An experiment - say rolling a die, is performed a large number of times, $n$. Let $X$ and $Y$ be two random variables that summarize this experiment.
Intuitively(by the law of large numbers), if I observe the values of $X$, over a large number of trials, take their mean, $m_{X}=\frac{1}{n}\sum_{i}{x_{i}}$, and observe the values of $Y$, take their mean $m_{Y}=\frac{1}{n}\sum_{i}{y_{i}}$ and the add the two column means, this is very close to $E(X)+E(Y)$.
If we observe the values of $X+Y$ in a third column, and take their arithmetic mean, $m_{X+Y}$, this will be very close to $E(X+Y)$.
Therefore, linearity of expectation, that $E(X+Y)=E(X)+E(Y)$ emerges as a simple fact of arithmetic (we're just adding two numbers in different orders).

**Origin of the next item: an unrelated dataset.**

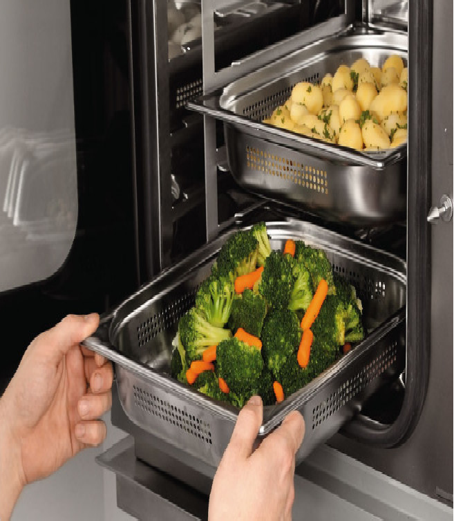 Пароконвектомат - это профессиональный кухонный прибор, который сочетает в себе (помимо прочего) характеристики духовки с горячим воздухом и паровой печи. Таким образом, он может производить как сухое, так и влажное тепло или их комбинацию при разных температурах. Поэтому он подходит для многих видов приготовления пищи, включая выпечку, жарку, гриль, приготовление на пару или бланширование. Среди преимуществ этой технологии - короткое время приготовления и более щадящий способ приготовления, которые приводят к более высокой питательной ценности приготовленных блюд и сохранению большего количества витаминов по сравнению с традиционными способами приготовления.
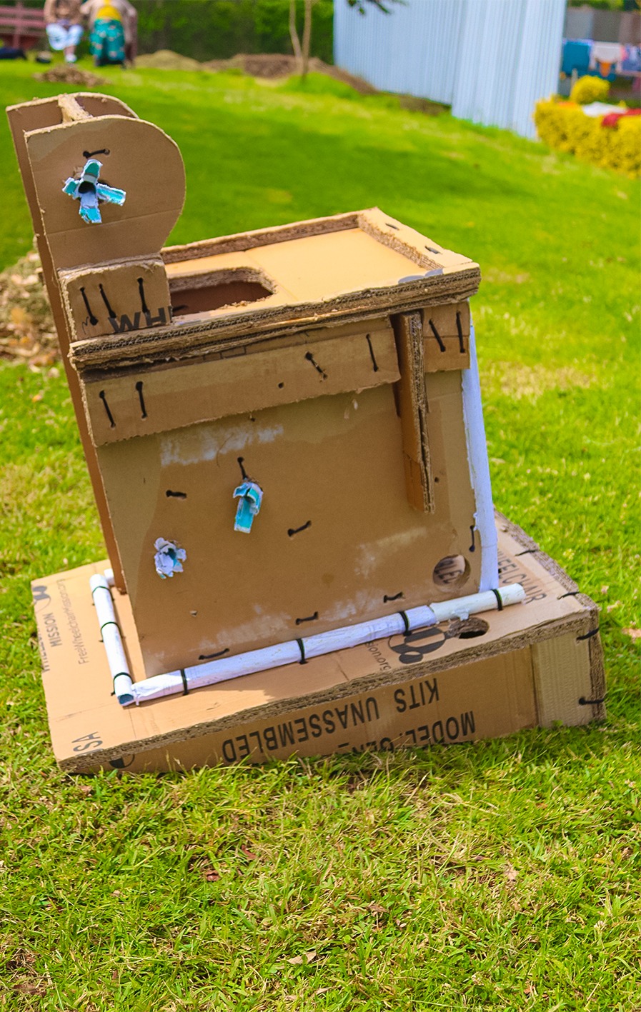 The method involves layering recycled cardboard and paper to create strong, customized seating and standing aids designed to support children with special needs experiencing developmental delays to gain better posture and development.

I know linearity of expectations holds, even when the $X$ and $Y$ are dependent. For example, the binomial and hypergeometric expectation is $E(X)=np$, although in the binomial story, the $Bern(p)$ random variables are i.i.d., but in the hypergeometric story, they are dependent.
If two random variables are correlated, wouldn't that affect the average of their sum, than if they were uncorrelated? Any insight or intuition would be great!